Мы стояли рядом с ним у нарядно сервированного стола. Где-то далеко-далеко за чередой годов вставало Подмосковье в страшном венце пожаров, в тяжелом грохоте войны»…
Я спросил:
— Константин Константинович, помните нашу поездку в Истру? Как все мы пошли за вами через лощину на командный пункт Белобородова?
Рокоссовский внимательно посмотрел на меня.
— Конечно, помню. Вы ведь запомнили. И я не камень. Момент риска помнишь всю жизнь.
— Так вы признаете, что риск был?
— Признаю, конечно, — быстро ответил Рокоссовский, и я почувствовал, что разговор этот ему чем-то интересен.
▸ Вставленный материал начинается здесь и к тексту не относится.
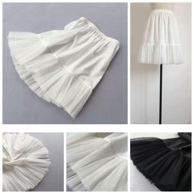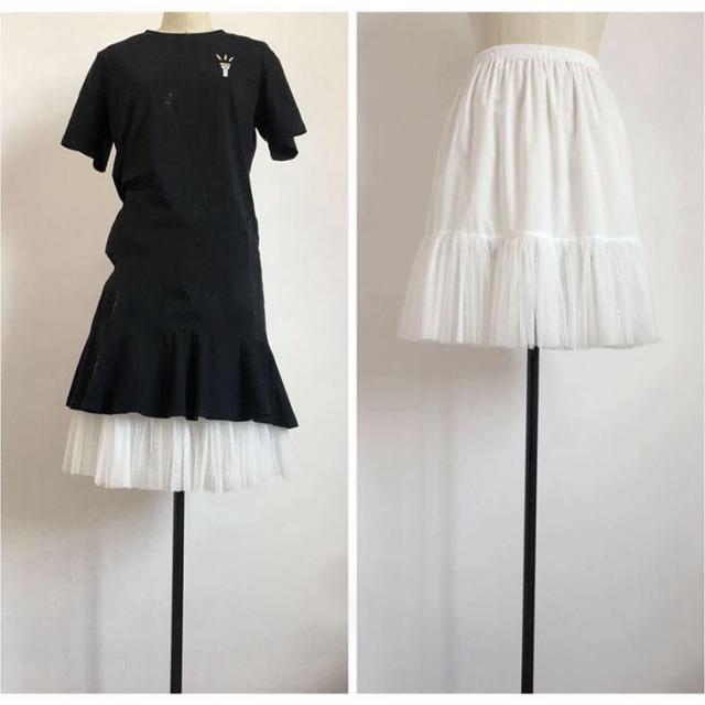 送料無料 全8サイズ ペチコート ロング スカート ペチスカート 黒 白 ロング スカート プリーツ インナースカート 裾チュール レイヤード 重ね着
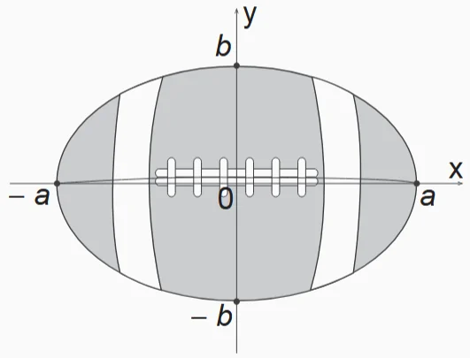 A figura representa a vista superior de uma bola de futebol americano, cuja forma é um elipsoide obtido pela rotação de uma elipse em torno do eixo das abscissas. Os valores a e b são, respectivamente, a metade do seu comprimento horizontal e a metade do seu comprimento vertical. Para essa bola, a diferença entre os comprimentos horizontal e vertical é igual à metade do comprimento vertical.
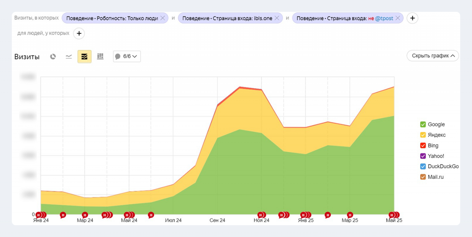 Конкретных KPI по трафику не было, но мы сделали прогноз, который устроил заказчика. Спойлер: мы его превысили.
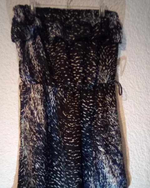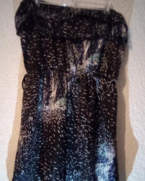 Vestido tipo playero. Vestido, tipo playero, strapless, con detalla de olan en el escote, semi transparente, muy fresco
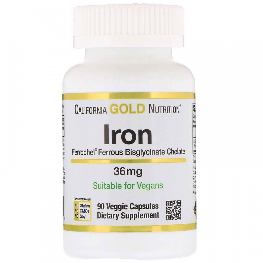 Производимое California Gold Nutrition железо содержит хелатный бисглицинат железа Ferrochel®. Подходит для веганов и вегетарианцев.
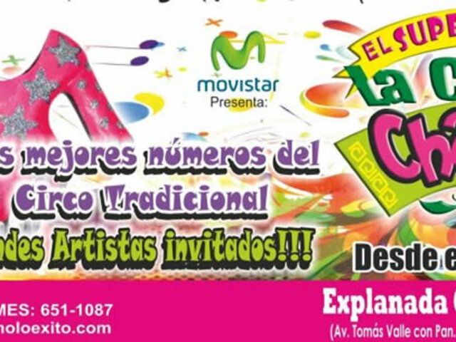 El personaje más carismático de la televisión peruana nos trae un espectáculo lleno de magia, color y diversión, con más de 40 artistas en escena. Puede comprar las entradas en Teleticket de Wong y Metro. El Circo de la Chola Chabuca se encuentra ubicado en la explanada del Centro Comercial Plaza Norte y estará hasta el 19 de agosto.

— Ну вот, а я извелся. Все хотел поговорить с вами о том случае. Не понимал, зачем вы тогда так явно пренебрегли опасностью. Ведь можно было в объезд… И, грешным делом, подумал, — уж вы меня простите, я откровенно скажу: не повлияло ли на вас присутствие корреспондентов? Мне хотелось понять, могут ли такие легкомысленные «житейские факторы» действовать на серьезного человека, да еще так, чтобы он готов был идти на риск…
Рокоссовский рассмеялся.
— Высоко же вы ставите вашу профессию. — Он повертел в руках пустую рюмку. — Впрочем, что ж тут плохого! Но я вас разочарую. Не в корреспондентах, конечно, было дело. — Рокоссовский оглянулся. — Пить мне все равно нельзя, так присядем на этот диванчик, я вам попробую объяснить свои ощущения того дня. Я их хорошо помню. — И, уже сидя на низком диване, продолжал: — Кто испытал то время, тот поймет. Надоело съеживаться, пригибать голову. Но именно этому, как вы ни говорите, учила оборона. А тут наконец-то, судя по всему, начинались наши большие наступления. К ним следовало готовиться и психологически. Я не хочу сказать, что рассчитывал свое решение как математик. Конечно, нет. Но ведь образ действий, продиктованный интуицией, — это тот же расчет, только давно уже запрограммированный в подсознании. Наступление требовало выпрямить войска, вдохнуть в них новый дух. Начинать надо было с себя. А что касается риска, то, по моим наблюдениям, это категория вполне условная. Пословицу «береженого бог бережет» придумали не самые храбрые люди. — Рокоссовский приложил руку к груди и чуть повел ее вверх, будто хотел что-то поправить там, внутри. — Пойдемте к столу, однако. Попробуем все же чуточку расширить сосуды.
Мы чокнулись коньяком. Хмурый адъютант, стоя поодаль, метнул на маршала сердитый взгляд.